--- Information Enclosed Below ---

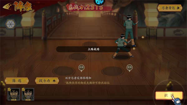 2、选择想要挑战的剧情关卡,搭配好上阵的忍者阵容(可根据关卡难度调整),点击开始挑战。
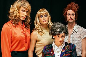 Amine Adjina : C’est la mère, mais elle n’est jamais là ! Cette mère est partie et ses quatre enfants, trois hommes et une femme, l’incarnent sur scène. Au fur et à mesure, ils en viennent à se travestir. L’autre figure importante de la pièce est Victor Newman, le héros des Feux de l’amour, une figure patriarcale, sorte de cliché masculin de la virilité.
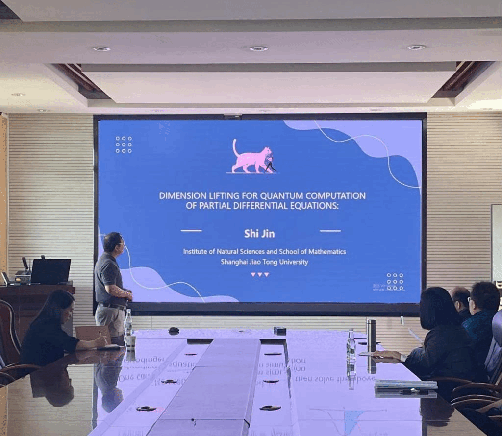 金石讲到,与经典计算机相比,由于量子计算机是基于量子力学原理设计的,所以最适合求解薛定谔方程.并通过维度提升,将非线性偏微分方程转化为线性偏微分方程,将线性偏微分方程转化为薛定谔型偏微分方程,从而可以进行量子模拟。量子计算机有可能获得代数甚至指数级的计算速度,这将可能引起21世纪的技术革命。最后,金石教授与学院师生开展问答互动,加深了他们对科学计算领域的了解,开阔了研究思路,提高了师生科研热情。
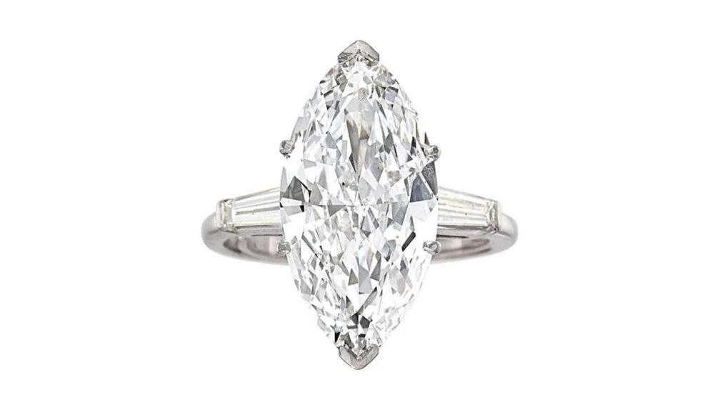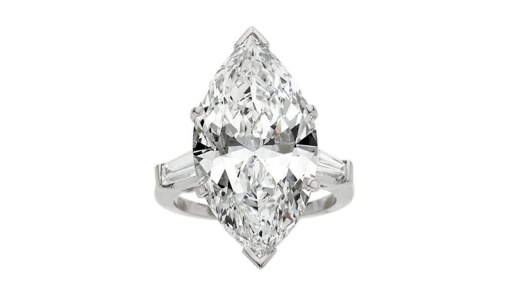 Еще одно кольцо с бриллиантом огранки маркиз весом 5,34 карата цвета D и чистоты VS2 было продано за 150 000 долларов:
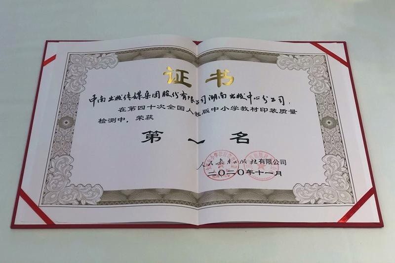 11 月 22 日,第 40 次全國(guó)人教版中小學(xué)教材印裝質(zhì)量檢測(cè)工作會(huì)議在廣西南寧召開(kāi),中南出版?zhèn)髅郊瘓F(tuán)股份有限公司湖南出版中心分公司蟬聯(lián)全國(guó)人教版中小學(xué)教材印裝質(zhì)量檢測(cè)第一名,這也是繼 2008 年獲得全國(guó)教材質(zhì)量檢測(cè)第一名后,湖南第三次獲此殊榮。
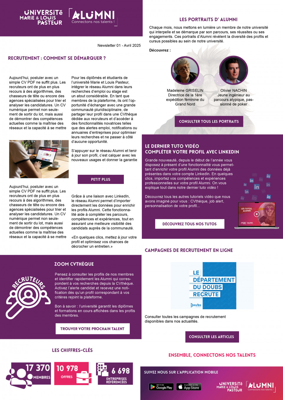 Nous sommes heureux de vous annoncer la publication de la toute première newsletter du réseau Alumni de l’université Marie et Louis Pasteur.

--- End of Enclosed Information ---

## What you have to do
What is needed is an exact restatement of every line from the one containing "11 月 22 日,第" through the last line of the records, pictures left out.

## Answer box
 11 月 22 日,第 40 次全國(guó)人教版中小學(xué)教材印裝質(zhì)量檢測(cè)工作會(huì)議在廣西南寧召開(kāi),中南出版?zhèn)髅郊瘓F(tuán)股份有限公司湖南出版中心分公司蟬聯(lián)全國(guó)人教版中小學(xué)教材印裝質(zhì)量檢測(cè)第一名,這也是繼 2008 年獲得全國(guó)教材質(zhì)量檢測(cè)第一名后,湖南第三次獲此殊榮。
 Nous sommes heureux de vous annoncer la publication de la toute première newsletter du réseau Alumni de l’université Marie et Louis Pasteur.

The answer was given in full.